TZ-PEG7-NH2 10,58 (s, 1H) 8.46 (м, Ч. 2), 7,87 (t, 1H), 7.75 (d, 2H), 7.52 (d, 1H), 4.40 (d, 2H), 3,60-3.50 (м, 26H), 3.40 (t, 2H), 3.32 (bs, Ч. 2), 3,20 (q, 2H), 2.99 (bs, Ч. 2), 2.19 (t, 2H), 2.12 (t, 2H), 1,79 (q, Ч. 2). m/z calcd. C30H50N7O9: 652.3670; Найдено: 652.3676.
TZ-PEG7- DOTA 10.57 (s, 1H), 9,63 (bs, Ч. 1), 8.45 (m, 3 Ч), 7,86 (m, 1H), 7.73 (bs, 1H), 7.54 (d, 2H), 7,41 (м, Ч. 2), 7.19 (м, Ч. 2), 6.54 (bs, Ч. 1), 4.40 (d, 2H), 4.00-3.20 (м, 55H), 3,20 (q, 4 Ч), 2,54 (s, 1H), 2.18 (t, 3 Ч), 2.10 (t, 3 Ч), 1,76 (q 2 ЧАСА). m/z calcd. для C50H76N11O15S: 1202.56; Найдено: 1203.5741.

Таблица 1. Характеристика данных для органических соединений, описанных в настоящем Протоколе.
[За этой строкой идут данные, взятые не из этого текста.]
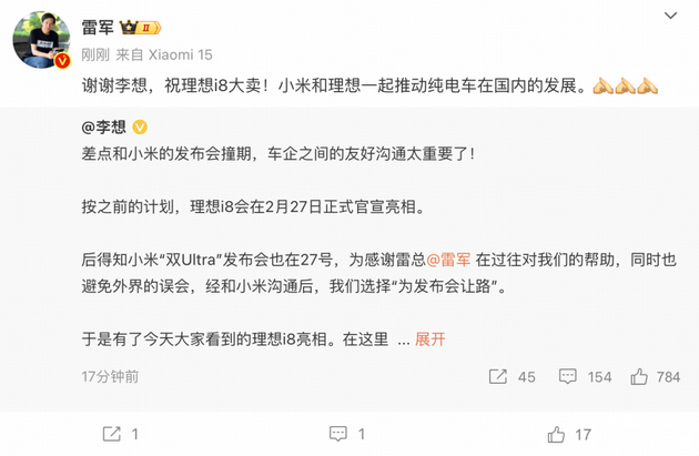 这次提前发布,背后有着一段有趣的故事。原本,理想i8计划在2月27日正式亮相,但恰好与小米SU7 Ultra的发布会撞期。得知这一情况后,理想汽车CEO李想出于对小米及雷军过往支持的感激,同时也为了避免外界可能的误解,主动与小米沟通,最终决定“礼让”发布会日期,于2月25日率先推出理想i8。雷军对此表示了感谢,并预祝理想i8大卖,强调小米与理想将携手推动国内纯电动车市场的发展。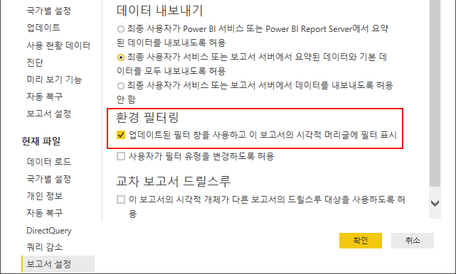 기존 버전의 보고서를 열어, 옵션 및 설정, 옵션으로 이동하고, 현재 파일의 보고서 설정에서 “업데이트된 필터 창을 사용하고 이 보고서의 시각적 머리글에 필터 표시”를 체크하고 확인을 선택합니다.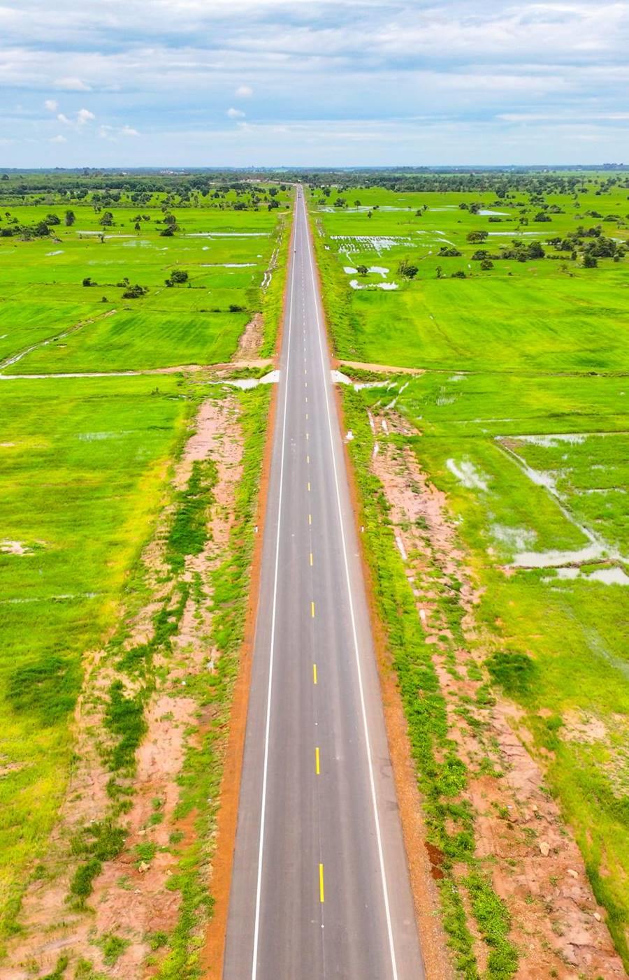 這是2024年7月14日在柬埔寨特本克蒙省拍攝的71C號國家公路(無人機(jī)照片)。新華社發(fā)(尼多拉攝)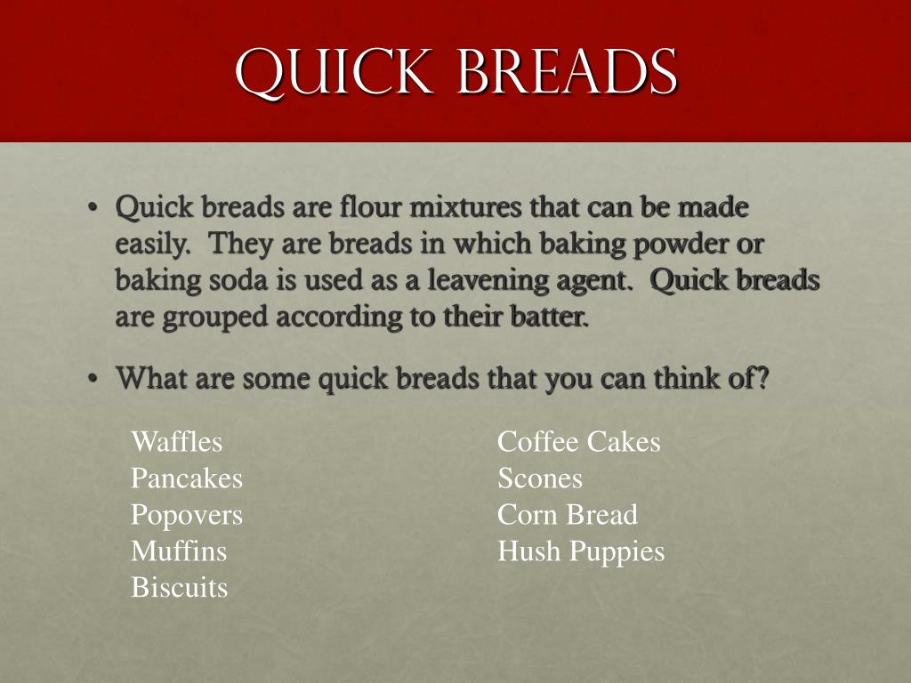 Quick breads • Quick breads are flour mixtures that can be made easily. They are breads in which baking powder or baking soda is used as a leavening agent. Quick breads are grouped according to their batter. • What are some quick breads that you can think of? • Waffles • Pancakes • Popovers • Muffins • Biscuits • Coffee Cakes • Scones • Corn Bread • Hush Puppies

Subscription Required. Please recommend JoVE to your librarian.

Discussion

Одним из преимуществ этого подхода в vivo pretargeting — особенно в отношении стратегии основывается на bispecific антител и radiolabeled гаптенами — это ее модульность: транс- cyclooctene постановление может быть присоединен к любой антитела, и тетразина radioligands можно radiolabeled с чрезвычайным разнообразием радионуклидов без ущерба для их способности реагировать с их партнерами нажмите. Тем не менее адаптации этого подхода к другим антитела/antigen системы не так просто, как дублирование протокол, описанных здесь. Конечно любая попытка создать новый immunoconjugate МАБ TCO или Роман тетразина подшипник лиганд должно сопровождаться соответствующим химических и биологических характеристик анализов, включая испытания на устойчивость и реакционная способность. Но помимо этого, существуют две переменные, которые особенно важны для изучения и оптимизации: (1) масса МАБ TCO immunoconjugate управлением и (2 интервал времени между инъекции МАБ TCO и отправления лиганд. Оба фактора могут существенно влиять на поведение в vivo pretargeting системы. Например использование чрезмерно высоких доз immunoconjugate или интервала периодов, которые являются слишком короткими может привести к слишком высокой активности концентрации в крови из-за клик реакции между лиганд и immunoconjugate, оставаясь в обращении. И наоборот используя массы immunoconjugate, которые являются слишком низкими или слишком длинный интервал периодов напрасно снижают концентрации деятельности в опухоль из-за неспособности насыщают антиген или неумолимо (хотя медленно) изомеризации транс - cyclooctene для неактивных СНГ- cyclooctene. Вдоль этих линий выполняя накопление экспериментов с использованием целого ряда масс immunoconjugate и pretargeting интервалы могут быть чрезвычайно полезным. Конечно также рекомендуется запускать соответствующие элементы управления в тандеме с любые эксперименты в естественных условиях . К ним относятся — но не ограничиваясь — эксперименты с изображением антигеннегативными клеточных линий, блокирование когорты, которые получают огромное превышение неконъюгированной антитела, администрация только лиганд, инъекции лиганд после TCO- не хватает immunoconjugate и в естественных условиях pretargeting с использованием неспецифической, изотипа управления TCO-подшипник immunoconjugate.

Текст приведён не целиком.